Andy Tudor: Again, it’s way too early for that. We’re not going to go into detail about DLC right now, but fans can expect the game to be supported long after launch with new content for sure.
Microsoft have finally revealed the specs and I have two sub questions regarding this. 1) from a development perspective do you think it has enough power to deliver 4k/60fps in AAA games? 2) What is the target fps/resolution for PC2 on Scorpio?
Andy Tudor: To your first question—in principle, yes. In principle because we really don’t know until we get things up and running and see what it can do. We are exploring the console now, so it’s too early to give specific answers on those.

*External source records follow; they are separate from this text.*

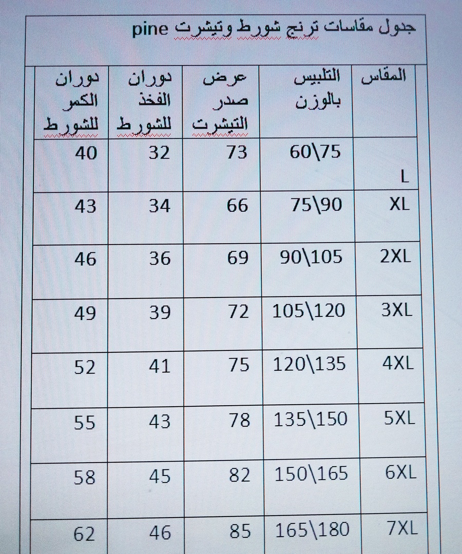 تلبيس منL حتي 7XL تلبيس حتي 190 كيلو
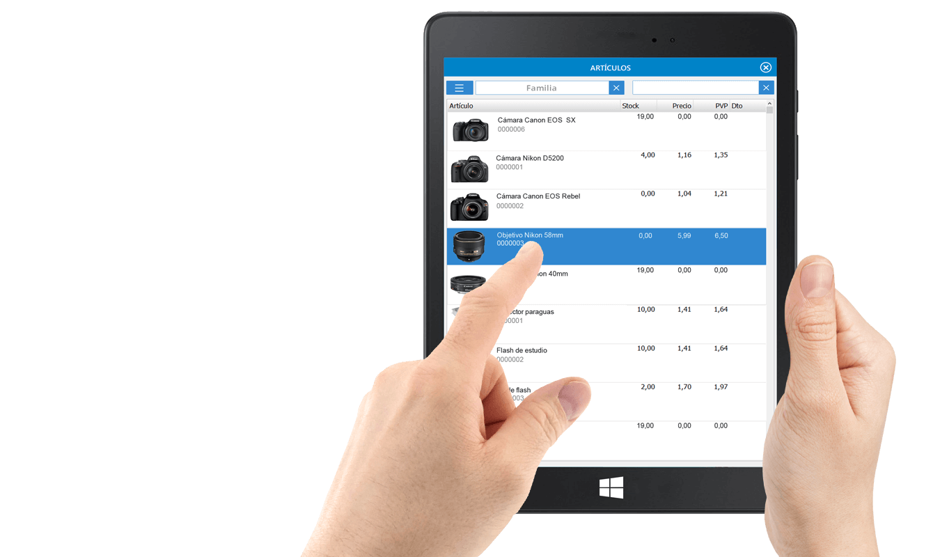 Conecta tu software de TPV táctil con balanzas, lectores de códigos de barras, recogida de firma digital... facilitando el registro de información y haciendo más fácil el proceso de venta. Descubre todas las funcionalidades que te ofrecen nuestros programas para tiendas de fotografía.
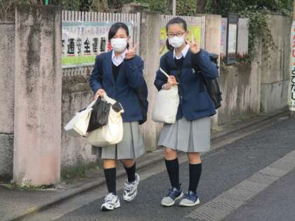 生徒の登校時間帯には雨がポツポツト落ちて今いましたが、天気予報によるとこの後は回復傾向だということです。

Scorpio also supports FreeSync and next-gen HDMI 2.1. What are the advantages of this and how do you think this will impact anyone playing PC2 on Scorpio?
Andy Tudor: We may go higher resolution on Scorpio compared to Pro, or we may keep lower res but increase detail. Again, too early to say, and if we can do something extra on Scorpio easily we will do, we won’t hold it back due to Pro.
Scorpio features a high end GPU and a ton of memory. It’s kind of interesting in a way that Microsoft are finally ahead in the hardware race. Where does this leave the Pro version? Are you going to aim for parity on both Pro and Scorpio so that you can reach the maximum audience or are you going to push each hardware to their respective strengths?
Andy Tudor: We have scalability in our cross-platform engine already, and use that on PC. We can apply a number of detail levels reasonably easily to help differentiate between base and advanced versions.